## Work request:
Restate the listing below word for word; no picture is to be carried over.

## Source data:
■ ■ ■ ■ ■

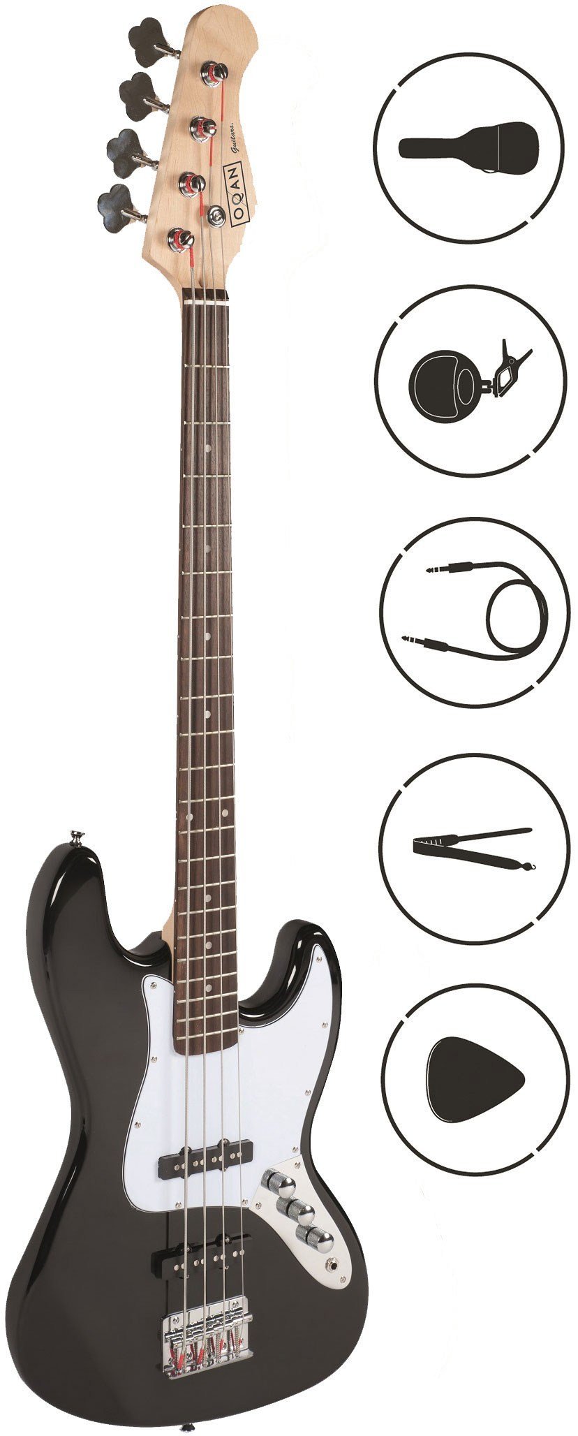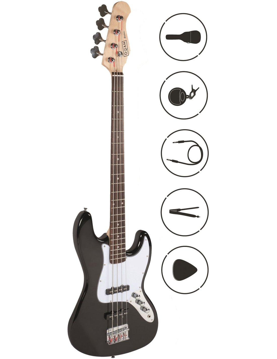 Electric bass pack. Includes Jazz Bass type bass and accessories. Bass with solid linden body. 21-key maple keyboard. 'Rosewood' compound neck. 2 JB.Ponte Vintage pickups. 1 volume control, 2 tone control. Vintage style scoop Accessories included: case, digital tuner, cable, strap and 3 picks.
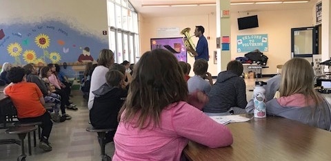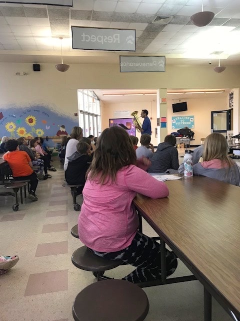West Geauga marching band director Jason Branch recently recruited fourth-grade students for fifth-grade band at Lindsey Elementary School...
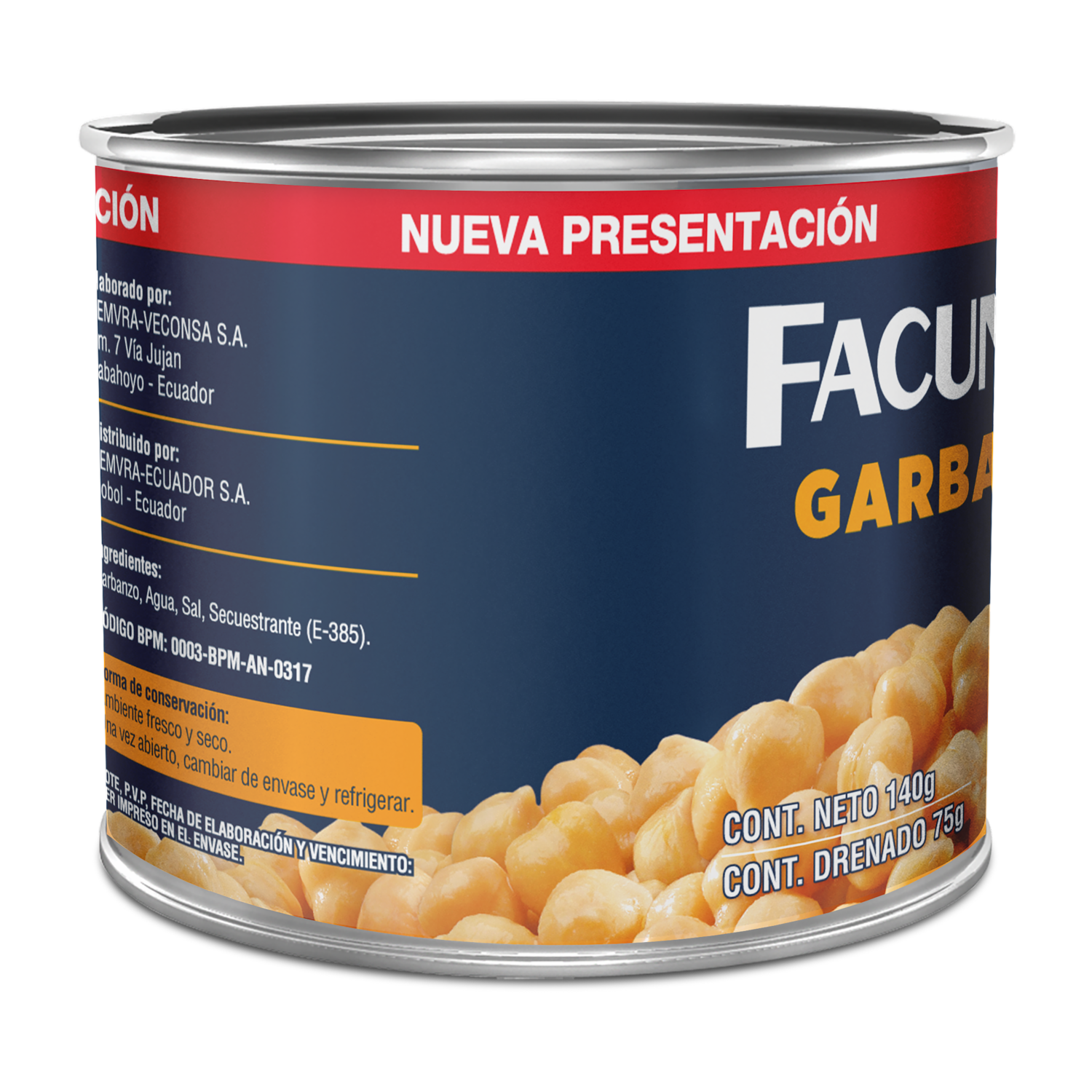 Garbanzo Enlatado FACUNDO 140 G – FACUNDO. Disponible en nuestros locales. Precio y stock pueden variar según la tienda.

■ ■ ■ ■ ■

## Response:
 Electric bass pack. Includes Jazz Bass type bass and accessories. Bass with solid linden body. 21-key maple keyboard. 'Rosewood' compound neck. 2 JB.Ponte Vintage pickups. 1 volume control, 2 tone control. Vintage style scoop Accessories included: case, digital tuner, cable, strap and 3 picks.
West Geauga marching band director Jason Branch recently recruited fourth-grade students for fifth-grade band at Lindsey Elementary School...
 Garbanzo Enlatado FACUNDO 140 G – FACUNDO. Disponible en nuestros locales. Precio y stock pueden variar según la tienda.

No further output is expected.